In the context of treating CEC, beyond long-term survival, the laryngeal preservation rate stands out as a crucial metric. Our study showcased an impressive laryngeal preservation rate of 85%, significantly surpassing reported rates for both dCRT and radical surgery.24,25,26,27 The evolution of laryngeal preservation has transitioned from merely safeguarding anatomical structures to emphasizing the retention of laryngeal function, that is, the survival rate without laryngoesophageal functional impairment (i.e., for patients without laryngectomy and tracheostomy). In our investigation, the 1-year LFP survival rate reached 62.2% (95% CI 48.2–80.3%). For patients undergoing dCRT for CEC, even if they retain the normal anatomical structure of the larynx, many may experience voice loss. The LFP survival rate in these cases may be lower than initially estimated.28,29 Notably, in our study, the 1-year LFP rate for patients who pursued dCRT after induction treatment without achieving complete response was only 41.7% (95% CI 15.9–100.0%). However, opting for surgery elevated this rate to 70.9% (95% CI 52.3–96.0%). Additionally, among the eight patients who underwent dCRT without achieving a CR, six experienced perforations, and the rate of grade 3 or higher complications was substantial at 75%. In contrast, patients who underwent surgery demonstrated a commendable R0 resection rate of 94.4%, accompanied by a 40% occurrence of grade 3 or higher complications. A retrospective analysis by Makino et al.30 involving 100 cases of patients with CEC revealed that laryngeal preservation surgery demonstrated comparable perioperative complication risks and long-term survival with surgery combined with laryngectomy. Our study results reinforce the notion that anatomical preservation does not equate to functional preservation. Therefore, whether considering long-term survival, laryngeal function preservation, or complications, surgery appears to offer distinct advantages for patients who do not achieve a CR after induction treatment.

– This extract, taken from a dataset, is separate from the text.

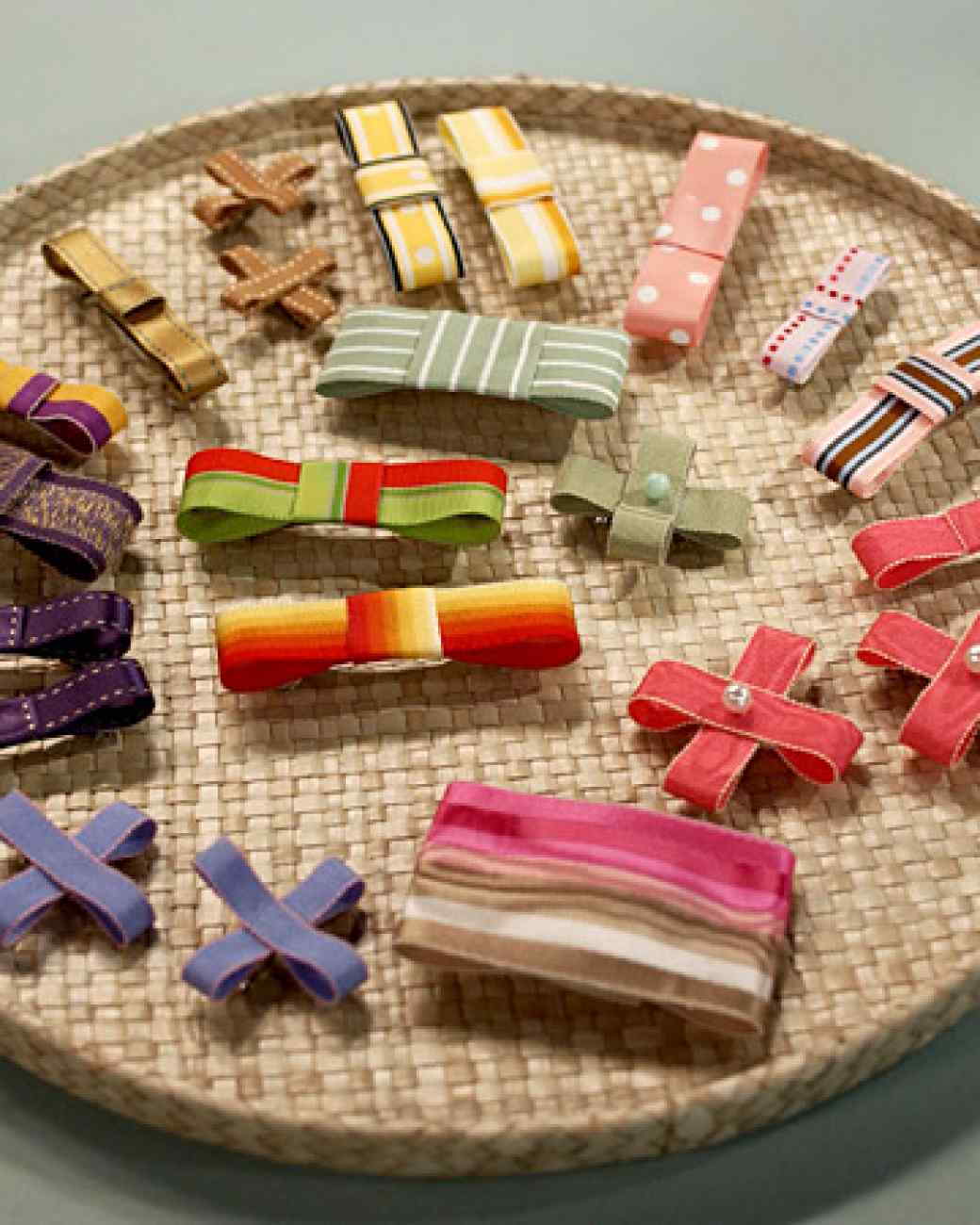 33. Ribbon Barrettes: With a minimum of materials and only a few simple steps, you can fashion an attractive barrette from a metal hair clip. (via Martha Stewart)

This study is subject to several limitations. Firstly, it was a retrospective analysis, which inevitably introduces inherent biases. Secondly, the sample size was relatively small, which is attributable to the low incidence of CEC. Thirdly, due to the higher complication rates in patients with poor responses to chemoradiotherapy, salvage surgery was not pursued. Lastly, the follow-up duration was relatively short, and long-term survival data were not captured.

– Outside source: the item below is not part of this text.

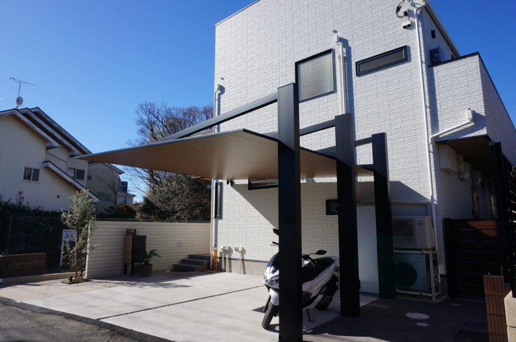 木目調のカーポートが主役 モダンなエクステリア施工例

Our findings indicate that the “combined chemotherapy and immunotherapy screening” strategy, implemented as induction therapy before local treatment, effectively identifies suitable candidates for subsequent chemoradiotherapy or surgery. This approach not only enhances laryngeal preservation rates but also improves OS. Nevertheless, to validate its efficacy, further multicenter, prospective studies are essential for comparing this strategy with the current standard treatment of concurrent chemoradiotherapy.